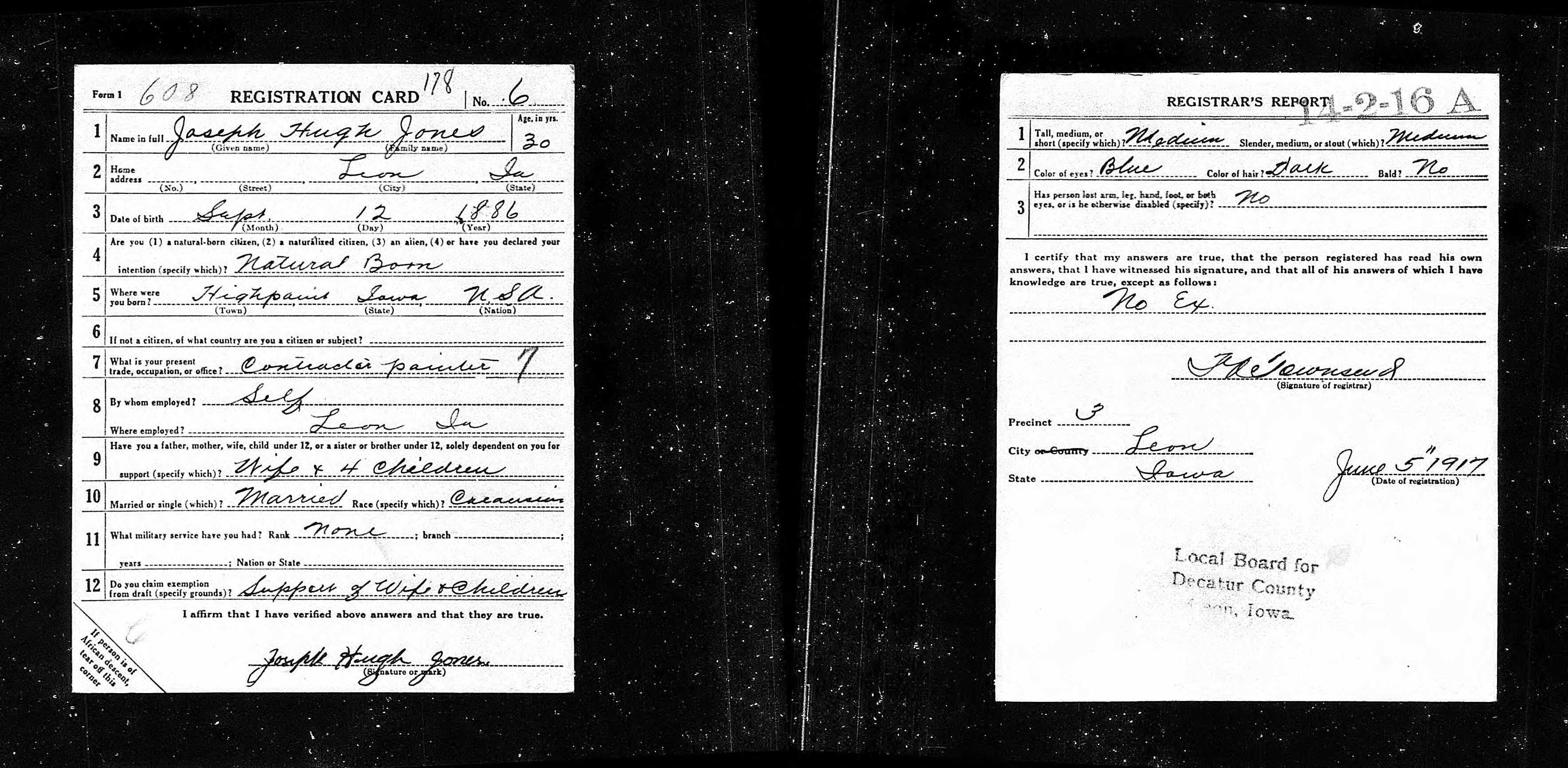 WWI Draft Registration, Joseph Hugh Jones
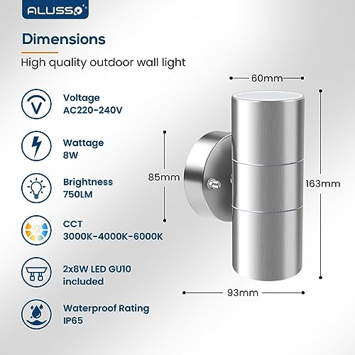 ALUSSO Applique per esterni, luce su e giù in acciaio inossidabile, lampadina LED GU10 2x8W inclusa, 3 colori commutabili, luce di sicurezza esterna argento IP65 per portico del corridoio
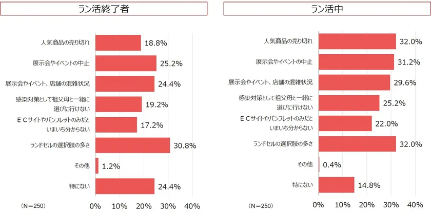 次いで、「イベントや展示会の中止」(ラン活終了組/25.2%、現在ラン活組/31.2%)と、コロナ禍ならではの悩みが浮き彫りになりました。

** What to produce **
Would you reproduce the listing above in full and exactly, without its pictures?

** Result **
 WWI Draft Registration, Joseph Hugh Jones
 ALUSSO Applique per esterni, luce su e giù in acciaio inossidabile, lampadina LED GU10 2x8W inclusa, 3 colori commutabili, luce di sicurezza esterna argento IP65 per portico del corridoio
 次いで、「イベントや展示会の中止」(ラン活終了組/25.2%、現在ラン活組/31.2%)と、コロナ禍ならではの悩みが浮き彫りになりました。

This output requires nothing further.